The Northrop team's lighting for night refueling needed improvement and there were weaknesses in the boom design that could be corrected without cost increases or schedule delays, the slides said.
The Air Force concluded there was more risk that Boeing's development phase would take longer and be more expensive than Northrop-EADS', the slides said. This included the likelihood of a "relatively lengthy software-development phase."
"Boeing has a higher cost-price risk on a larger system design and development program" over what it bid, the slides said, while the Northrop-EADS team's cost was considered "low risk."

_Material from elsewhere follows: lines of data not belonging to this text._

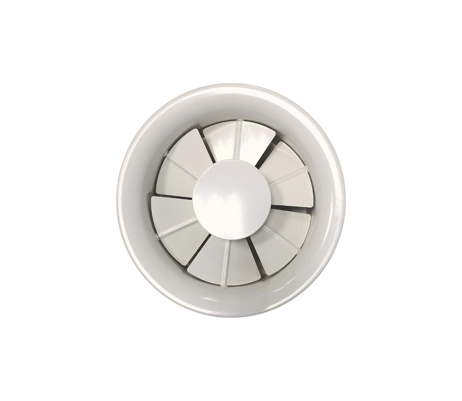 Diffusori circolari a geometria variabile, con lancio elicoidale, per grandi altezze di installazione. Lancio regolabile.
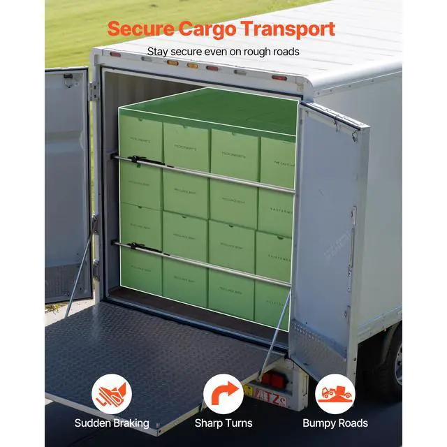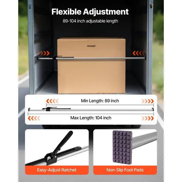 VEVOR Cargo Bar, Ratcheting Cargo Bar Adjustable from 89" to 104", Heavy-duty Steel Cargos Stabilizer with Non-Slip Foot Pads, Truck Bed Load Lock Bars for Box Trucks, Semi-Trailers, Trailers (2PCS)
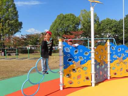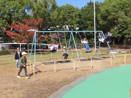 子ども達が楽しみにしていた社会科見学の日です。最高の秋晴れです。学校を10時に出発してみどりの広場で楽しく遊んでいます。
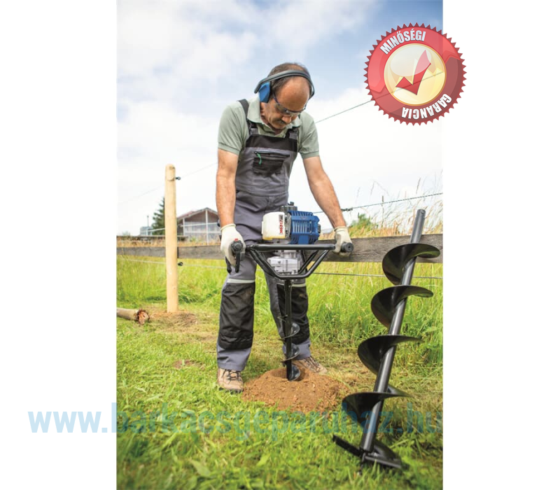 A kétütemű talajfúró talajba, homokba és egyéb, talajba fúrt lyukak készítéséhez nyújt ideális segítséget.
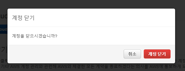 모든 체크란을 체크한 후에 "계정 닫기"를 클릭하면 "계정 닫기" 확인 창이 표시됩니다.
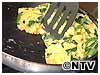 1)卵液を流し、半熟に火が通ったら半分に折る。
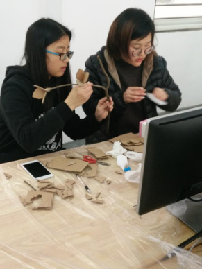 此次比赛为时两个小时,负责人给每组分发一个纸盒,并运用一定的水粉画、颜料和布艺饰品等。(有需要给纸盒加独特创意的同学,可自己准备所需材料)
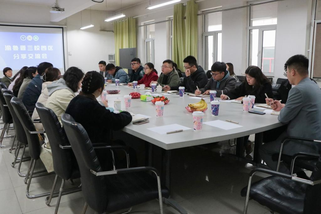 在老师交流会上,晋中信息学院团委牛瑞凤老师介绍了晋中信息学院团委的总体情况和工作思路,分享了其宝贵经验和先进做法。三校教师代表重点围绕学生全面发展培养、校园宣传建设与管理、校园文化建设、学生阵地管理等内容展开了交流学习,对三校团学工作的体系构架、日常工作模式、学生组织建设等方面进行了深入探讨。我校团委余明思老师结合宣传平台日常播报、管理、建设等方面进行了分享和交流。面对三校四区提出的一些共性的问题,晋中信息学院团委王德照老师谈到,打铁还需自身硬,强化内生动力,发展自身特色才是王道。
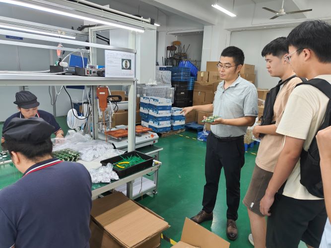 在實踐的最后階段,我們隊前往位于廈門市海滄區的廈門卓普電子科技有限公司前往參觀,并與其工作人員交流相關技術與工業知識,了解了當代廈門本地的相關科技產業的發展現狀以及行業生產模式,將我們所學專業知識與實際生產過程相結合,加深專業知識的理解,學習相關知識在生產方面的實際應用。
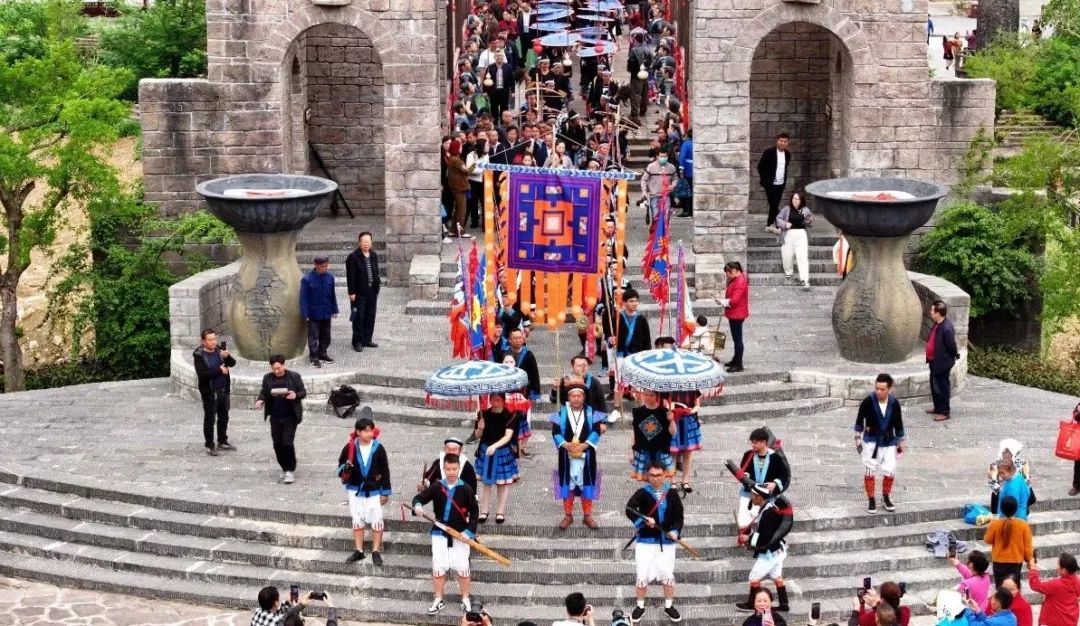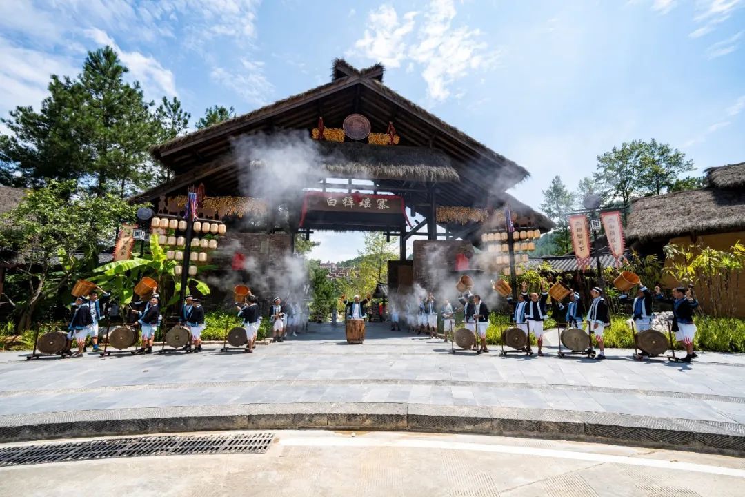 白裤瑶寨,整体呈现出既寨非寨、既城非城、既殿非殿、既宫非宫的建筑风格。将白裤瑶民居、非遗展示、白裤瑶民族风情融合一体,通过场景化打造、非遗展示、氛围演出全景化展现白裤瑶胞的生产生活以及生命状态。白裤瑶寨是一个没有围墙的活态实景博物馆,进入白裤瑶寨让您沉浸式体验白裤瑶原始、古朴、神秘的生产生活场景和浓郁的白裤瑶民族风
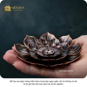 Nhiều gia đình hiện nay lựa chọn chân cắm nhang hoa sen Liên Hoa nhờ thiết kế hài hòa, tinh gọn và dễ phối cùng nhang trầm vòng Liên Hoa. Khi trầm vòng được đặt đúng đế, hương lan tỏa đều, tro rơi gọn, vừa đảm bảo thẩm mỹ vừa giữ không gian thờ cúng luôn thanh tịnh, an toàn khi sử dụng lâu dài.

"Little difference exists between" Northrop-EADS's "cost and price and the government's probable cost and price" for the development phase, the Air Force said.
In contrast, the difference between Boeing and the government's probable costs "are not reasonably explained" for some categories.
Barksdale in his e-mail statement said problems Boeing had with some international tanker programs and a Navy multi-mission aircraft were "overly emphasized" and that the Air Force didn't properly consider "lessons learned" by the company in resolving those issues.
Among the "major discriminators" that swayed the Air Force was the Northrop-EADS model's larger size. The KC-30 was "more advantageous" than Boeing's aircraft because the double-decked aircraft can carry more passengers, patient litters for medical evacuation and cargo pallets, the Air Force said.
Boeing, in its protest to the U.S. Government Accountability Office, said if the company had been told "the Air Force wanted a large-scale tanker, it could have offered" the bigger 777 as a base.
The GAO has 100 days from the March 11 filing to decide whether the contest was fair.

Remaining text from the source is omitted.